(Saved data entries)

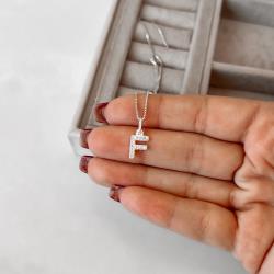 Colar pingente letra F cravejada 10mm 45cm | Mya Prata
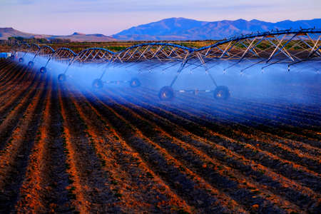 As the sun sets over a vast agricultural landscape, a modern irrigation system casts a wide spray of life-giving water onto rows of thriving crops.
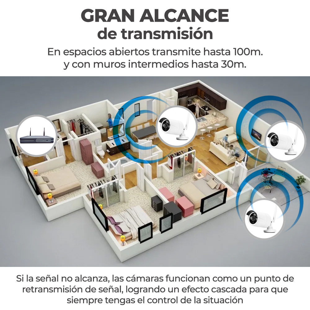 En espacios abiertos transmite hasta 100 metros, con muros intermedios hasta 30 metros.
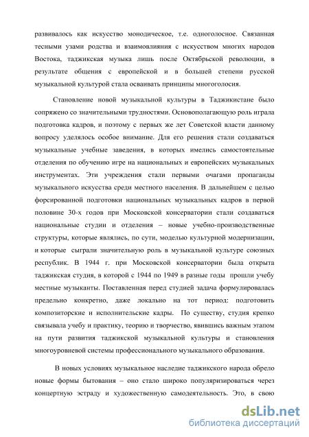 4См.Таджикова З. Песенная культура таджиков (по материалам Зеравшанских искусствоведческих экспедиций 1958-1961 гг.). Дисс… кандидата искусствоведения. – Л., 1977; Попандопуло Т. Таджикская фортепианная музыка и проблемы ее интерпретации. Дисс…. кандидата искусствоведения. - Л., 1987; Акрамова С. Музыкальное искусство Таджикистана в 20-30-х годах. Дисс… к.и.н. – Душанбе, 1997.
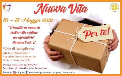 29 Aprile 2019Nuova Evangelizzazione: Nuova vita per te… venerdì 10 Maggio Descrizione: “Due giorni.. per riprendere la tua vita in mano.. e guardarne il capolavoro che sei “ Inizio: 10/05/2019 17:00 Fine: 12/05/2019 19:00 Categorie: Appuntamenti diocesani Città: Sorrento Regione: Campania Paese: Italia
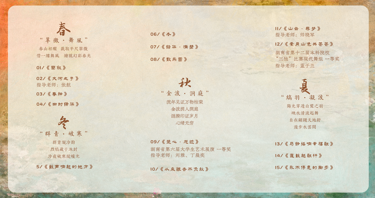 本场演出分为“春”“冬”“秋”“夏”四个篇章,涵盖中国民族民间舞、中国古典舞、现代舞三种舞种,以多元艺术形式展现舞蹈魅力。开场古典舞《蘭叙》如水墨长卷舒展,以行云流水的肢体语言诠释东方美学的深邃意境,拉开晚会序幕。男生剧目《大河之子》气势磅礴,演绎黄河文化深厚底蕴。《春种》以欢快舒展舞姿点燃观众热情,维吾尔族舞蹈《鼓声响起的地方》充满异域风情,朝鲜舞《冬》展现外柔内刚的张力美学。古典舞《铅华·满壁》《散乐图》将气氛推向顶峰,诠释楚文化浪漫的《楚心·龙迹》与现代舞《素月山色共苍苍》令人眼前一亮。最后晚会在群舞《永不停息的脚步》中圆满落幕,现场掌声如潮,热烈的氛围此起彼伏,为舞者们的精彩演绎献上最诚挚的喝彩。
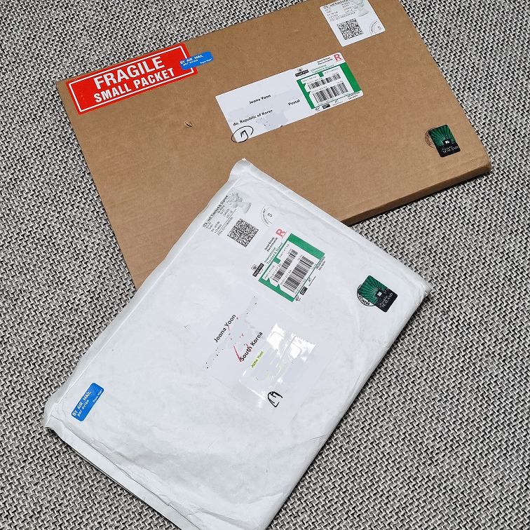 소포는 영국에서 잘 오다가 집 바로 앞에서 갑자기 유턴했는데, 전화해서 물어보니 집 나머지 주소가 잘못되어서 다시 영국으로 반송되려고 인천까지 갔었다.

— REQUIRED WORK —
Up to and including the line with "En espacios abiertos", repeat every line from the top of the entries exactly, but not the pictures.

— RESPONSE AREA —
 Colar pingente letra F cravejada 10mm 45cm | Mya Prata
 As the sun sets over a vast agricultural landscape, a modern irrigation system casts a wide spray of life-giving water onto rows of thriving crops.
 En espacios abiertos transmite hasta 100 metros, con muros intermedios hasta 30 metros.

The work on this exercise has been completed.